If you want to refer to them later, you can create an archive page for your trackers, so you can move them there, starting a fresh tracker each week. It’s similar to starting a fresh week when using Google Calendar to create goals.
Next comes the moment of victory when you can swap that goal card over to Complete, and set your next one. If you’re really crushing your goals and find you want to clear some space, you can create an archive page for your achievements and move them onto a board there.
Use Templates to Get Started With Your Goals in Notion
If you’re new to Notion or just want to get started as soon as possible, you can find a few templates to help get you going. To use one, select the Templates option in the bottom-left corner. There, you’ll find the following:
- Habit Tracker—a table database with checklists
- Goals—a board database you can use to keep track of your objectives
- Company Goals—a work-based table database you can use to collaborate with coworkers on goals or keep track of your own
Once you select the template you’d like to use, all you’ll need to do is set your goals and customize your tracker using Notion’s database properties.
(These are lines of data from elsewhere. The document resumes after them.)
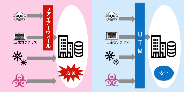 これによって単純なファイアウォールだけでは防ぐことの難しい脅威からも、PCやネットワークを守るのがUTMの役割だといえるでしょう。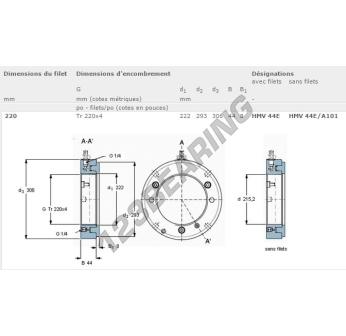 Esta tuerca tiene un diámetro interior de 222mm, un diámetro exterior de 306mm y un grosor de 44mm.
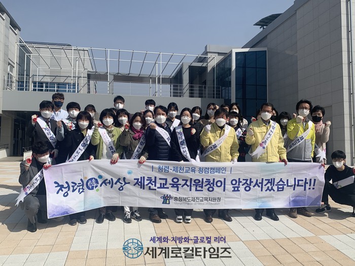[세계로컬타임즈 김병호 기자] 제천교육지원청은 지난 5일 식목일을 맞이해 조직 구성원 모두가 참여하는 청렴 ‘줍깅’ 행사 및 봄맞이 꽃심기 행사를 실시했다.
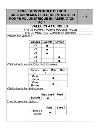 Ce document est une fiche de contrôle destinée à vérifier le bon fonctionnement d'un groupe moteur avec une pompe volumétrique en aspiration. Il détaille les valeurs attendues, les positions des vannes, le niveau d'eau dans les cuves, l'état de l'arrêt d'urgence, ainsi que le choix du sens de rotation. Il permet de s'assurer que tous les paramètres nécessaires au bon fonctionnement soient respectés.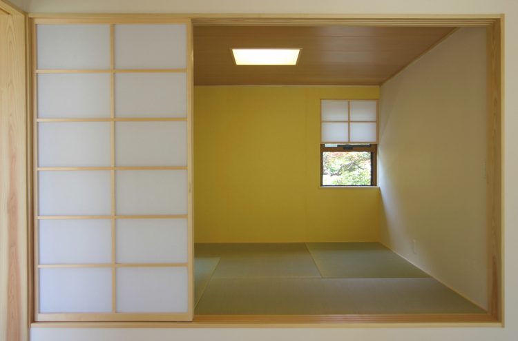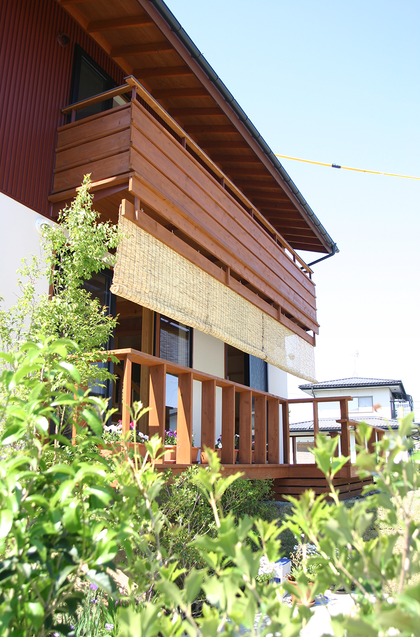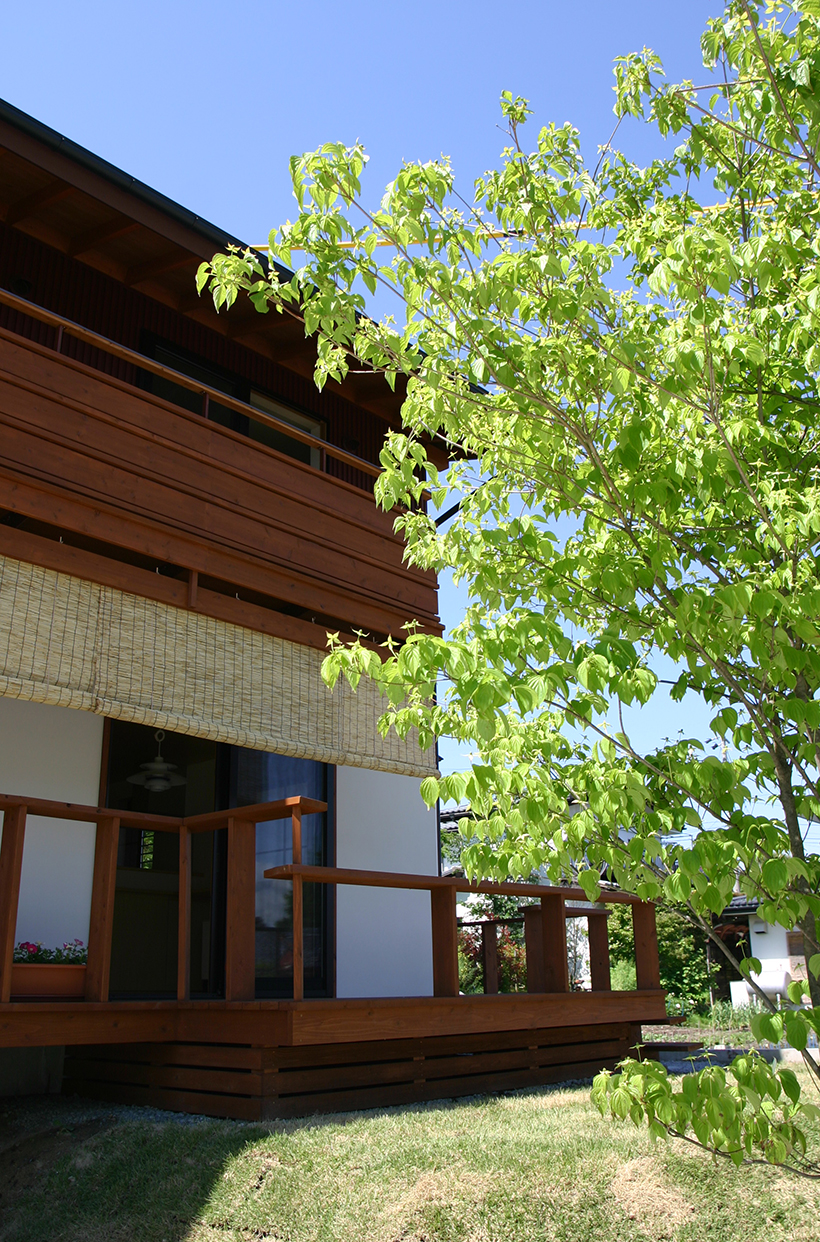 家族のくつろぐ1階と、個々の時間を過ごす2階とを効果的に結びつけ、家族の交流を自然と生み出す。リビングの脇に小上がりの和室がつながり、この窓からは手入れの行き届いた隣庭を借景として頂くことができる。

Tips for Tracking Your Goals in Notion
Much like anywhere you track your goals, you want to ensure you keep a clean, tidy space. You can keep your goals pages clutter-free by:
- Tracking current goals only
- Not setting too many goals at once—this will also help you avoid burnout
- Moving completed trackers and goals to an archive or achievements page in Notion
- Only adding and keeping relevant database properties
- Assessing what’s on your page and ensuring it’s up-to-date and where it needs to be
Get Going on Your Goals With Notion
Now that you have the framework, it’s time to tackle your goals. Thanks to Notion, you’ll have an excellent place to set, keep track, access, and mark them complete.
Beyond goal tracking, if you’re trying to prevent procrastination or keep on top of work or studying, Notion is one of the best productivity tools available. You may want to check out what some of the other Blocks, Layouts, and Databases have to offer.